Listening to: Suck My Kiss - RHCP
Word of the Day: incontrovertible
So I woke up this morning to a tightness and burning in my lower chest. It was hard for me to breathe. This has happened once before, namely Thursday night, and it went away. I attributed this first incident to stress since we made a trip to Louisiana for a funeral and back in two days. It happened again this morning, and then went away, and then came back, and then went away, came back, went away, came back, and finally went away. It happened twice here at home before I decided to go to the hospital [after much gentle chiding from JD], once as we were getting ready and walking to the car, and once more as we got to the hospital.
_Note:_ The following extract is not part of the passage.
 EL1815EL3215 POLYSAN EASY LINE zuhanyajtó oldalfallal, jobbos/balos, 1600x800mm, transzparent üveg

It seemed to get worse and worse each time the tightness began, the last two times I could barely breathe through the worst of it, and I threw up from the pain the last time at the hospital, right before we walked into the emergency room. I explained to lots of people what was going on, and so the doctor ordered chest x-rays and bloodwork done to check for inflamed or collapsed lungs or blood clots anywhere. After about an hour and a half or so, he came back and let me know that the x-rays and bloodwork were all normal and he didn't know what was going on. He told me to take Motrin for the rest of the day [which I'm not doing because I'm lame] and to go back if it happens again and is really really bad.
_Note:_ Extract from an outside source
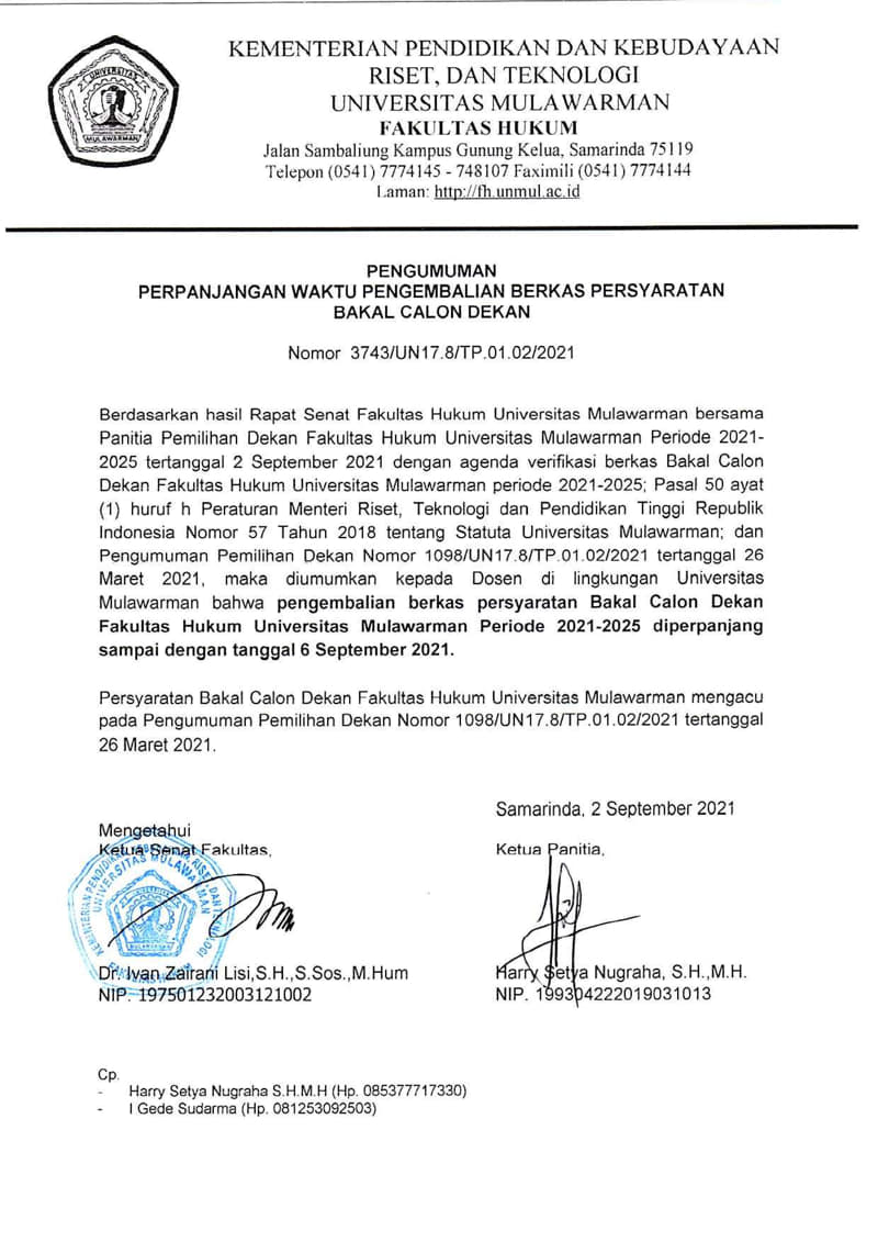Diumumkan kepada Dosen dilingkungan Universitas Mulawarman, bahwa pengembalian berkas persyaratan Bakal Calon Dekan Fakultas Hukum Universitas Mulawarman Periode 2021-2025 diperpanjang sampai dengan tanggal 6 September 2021.

When it happened Thursday night, I thought I was having a heart attack. It went away and I didn't think of it again until this morning, when I thought I was dying. I really thought I was dying. That's partly why I decided to go to the hospital [and also partly because I didn't know when it was going to stop and it hurt like a moe]. I thought, for a fleeting moment, that I was having a heart attack on Thursday night. I knew I wasn't, but the thought crossed my mind. This morning I thought that somehow I had asthma and it all of a sudden reared its head and that my windpipe was just going to close and I was going to die. I even got myself far enough to think that I didn't have a will and what was going to happen to JD and Patrick if I did die. But then I thought, 'Ashley, you idiot, you have to calm down, or else you really might die.' And so I consciously made myself not think about me dying and was able to breathe as well as I could.
I have death on the mind. Apparently.
If I make it to this evening, we're watching Extreme Makeover: Home Edition, watching Uncle Dave Disney-fy a cancer ward in an Arizona hospital. I'm just proud that I remembered about it.
i hope it goes away, if it doesn't, definitely go back and get it checked out again. it might be nothing, but chest pains are serious stuff.